[Exercise directions]: Below are records with pictures. Transcribe exactly, and only, the lines from the line with "我が家のシャコバサボテンつり" to the line with "1) El documento", both ends included, but not the pictures.

[Input records]:
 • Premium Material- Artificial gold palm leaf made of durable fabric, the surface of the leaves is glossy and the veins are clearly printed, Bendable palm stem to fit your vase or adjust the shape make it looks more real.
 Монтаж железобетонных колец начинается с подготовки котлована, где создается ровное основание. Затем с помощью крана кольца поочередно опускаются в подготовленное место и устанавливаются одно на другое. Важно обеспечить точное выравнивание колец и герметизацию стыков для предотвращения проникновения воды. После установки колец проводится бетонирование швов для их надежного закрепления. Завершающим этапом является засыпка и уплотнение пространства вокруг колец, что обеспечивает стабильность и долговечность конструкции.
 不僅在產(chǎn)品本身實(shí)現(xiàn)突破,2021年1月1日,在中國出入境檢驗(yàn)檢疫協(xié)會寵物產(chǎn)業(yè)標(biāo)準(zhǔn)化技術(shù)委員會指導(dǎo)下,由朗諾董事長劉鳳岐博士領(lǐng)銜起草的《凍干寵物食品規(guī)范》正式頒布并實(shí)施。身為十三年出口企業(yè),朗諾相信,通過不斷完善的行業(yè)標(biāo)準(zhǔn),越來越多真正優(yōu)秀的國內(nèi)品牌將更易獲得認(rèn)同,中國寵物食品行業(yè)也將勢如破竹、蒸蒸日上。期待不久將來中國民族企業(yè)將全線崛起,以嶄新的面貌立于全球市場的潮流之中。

...

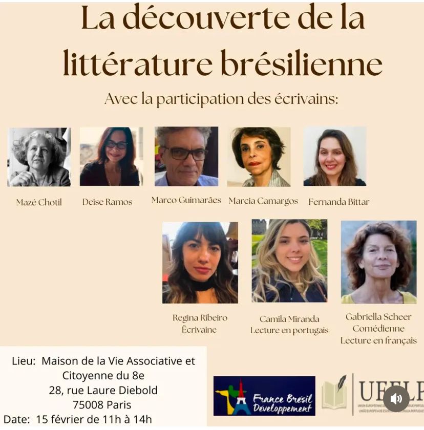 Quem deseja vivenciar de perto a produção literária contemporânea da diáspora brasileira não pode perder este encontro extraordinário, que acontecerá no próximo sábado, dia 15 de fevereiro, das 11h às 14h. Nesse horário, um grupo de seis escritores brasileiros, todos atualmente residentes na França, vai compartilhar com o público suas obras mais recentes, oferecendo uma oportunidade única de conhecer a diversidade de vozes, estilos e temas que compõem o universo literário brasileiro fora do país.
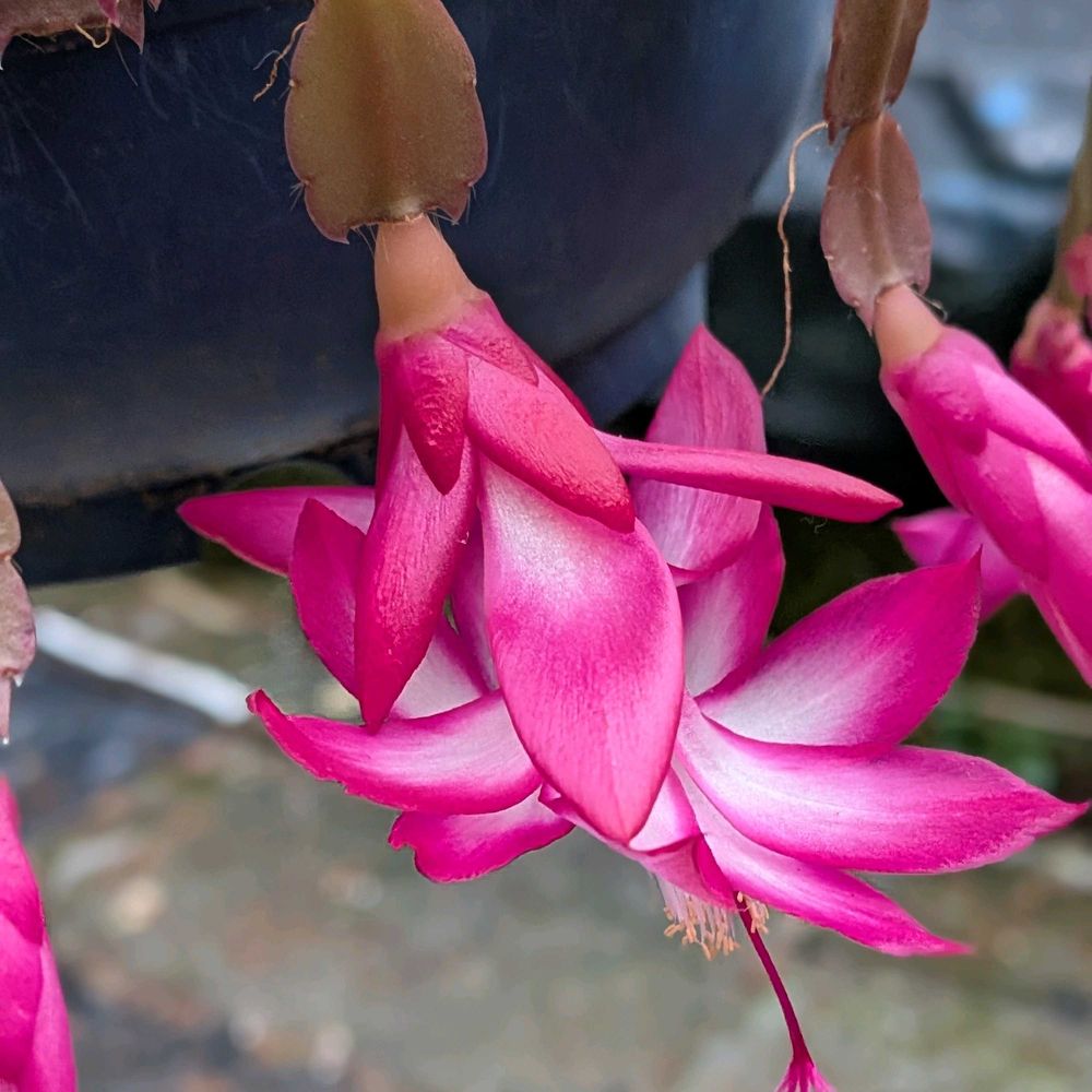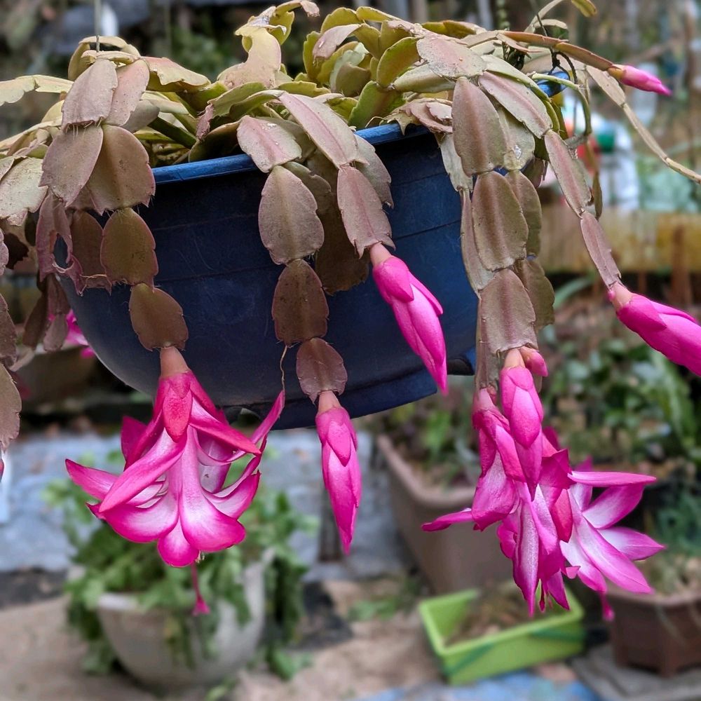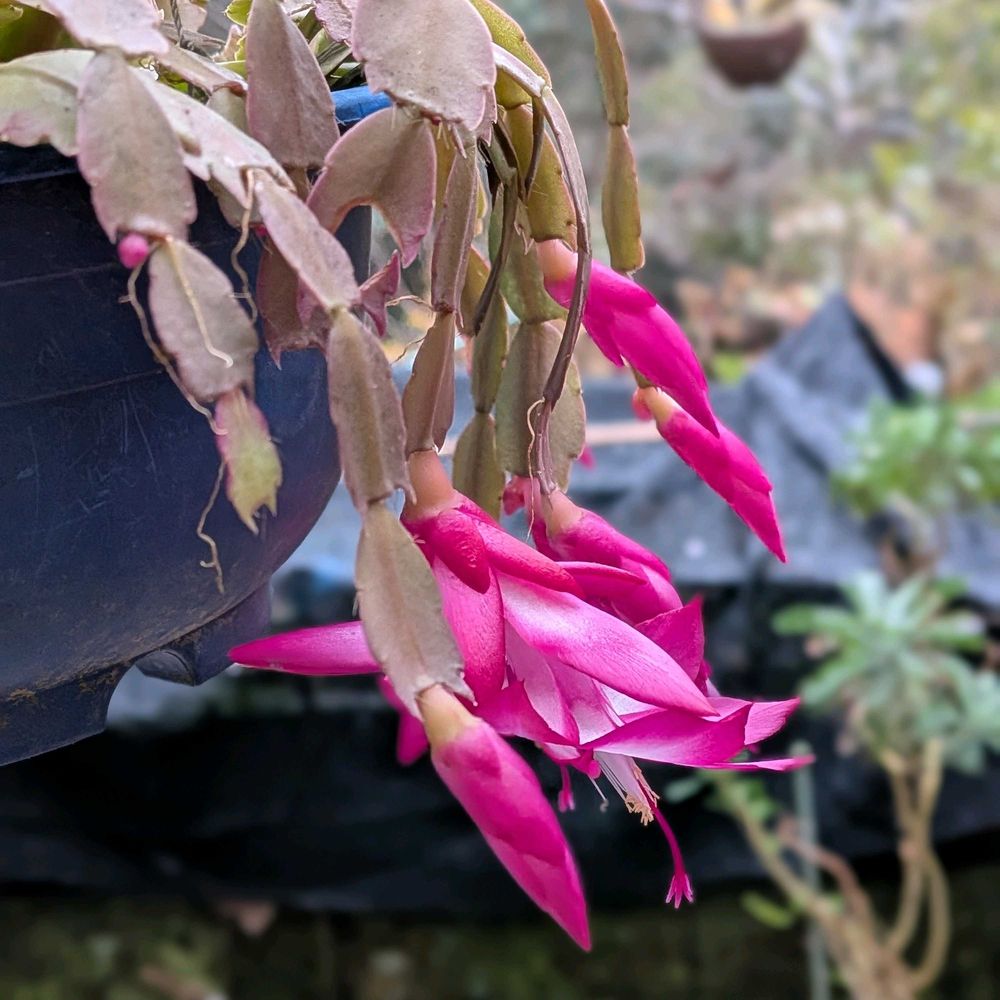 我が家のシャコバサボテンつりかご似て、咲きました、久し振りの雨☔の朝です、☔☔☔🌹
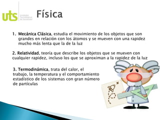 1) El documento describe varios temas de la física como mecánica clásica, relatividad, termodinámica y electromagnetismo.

[Task answer]:
 我が家のシャコバサボテンつりかご似て、咲きました、久し振りの雨☔の朝です、☔☔☔🌹
 1) El documento describe varios temas de la física como mecánica clásica, relatividad, termodinámica y electromagnetismo.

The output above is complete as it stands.